Anger Management

Don't let your anger get the best of you. Wavebreak Media Ltd / 123RF

My husband's colleague received a critique of an article he had submitted for publication in a professional journal. The article received a conditional acceptance, meaning that revisions were required for final approval. The review angered the writer and he fired off an angry email to the editor. Obviously he had not given much thought to this action or the result of it -- the editor is requiring the article go through the review process again and the editor has refused to have the angry writer remain as the corresponding author.
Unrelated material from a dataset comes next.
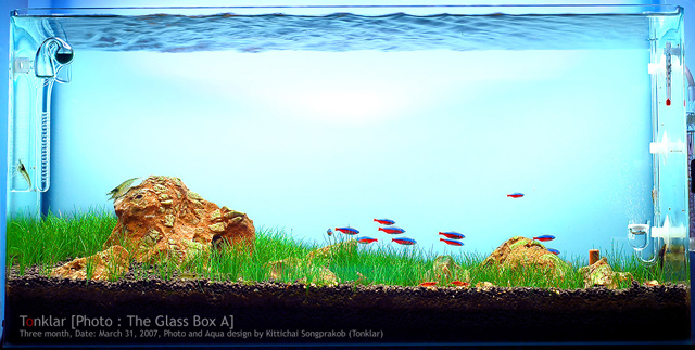 Aqua Glass Box description. Tank Size : 23" x 10" x 12" Volume :45L Plants : Hair glass Fish/Animals : Cardinal tetra , Caridina japonica (Yamoto Shrimp or Amano Shrimp), Neocaridina denticulata, (Red Cherry Shrimp), Otocinclus affinis Substrate: Aqua Soil-Amazonia - Power Sand Special S

What causes a person to react in such a self-destructive way and how can we keep ourselves from doing so? First a look at anger and what it is.

What is Anger?

Anger is an emotion. It is a reaction to a real or perceived threat. Our natural response to this emotion is rage. Physiologically, our heart rate speeds up. We may feel our cheeks become flushed and jaws clench. Some of us respond to the feeling of anger by slamming doors, confronting the person who we perceive to have caused our anger, or in this age of speedy computer technology, firing off an angry email. Those who easily fly off the handle are usually aware of this tendency and should take steps to react differently to adverse situations.

Why Control It?

At the least, anger can cause hurt feelings. It can also make us less productive at work by causing stress which in turn leads to illness and absenteeism. In severe situations, anger can spark physical violence.

We increasingly hear of instances of employees "losing it." Workplace violence has been on the rise in recent years. It is important to diffuse your anger before it goes too far. This is especially true in the workplace, where losing your temper can result in termination. When anger turns violent, you may find yourself facing legal action.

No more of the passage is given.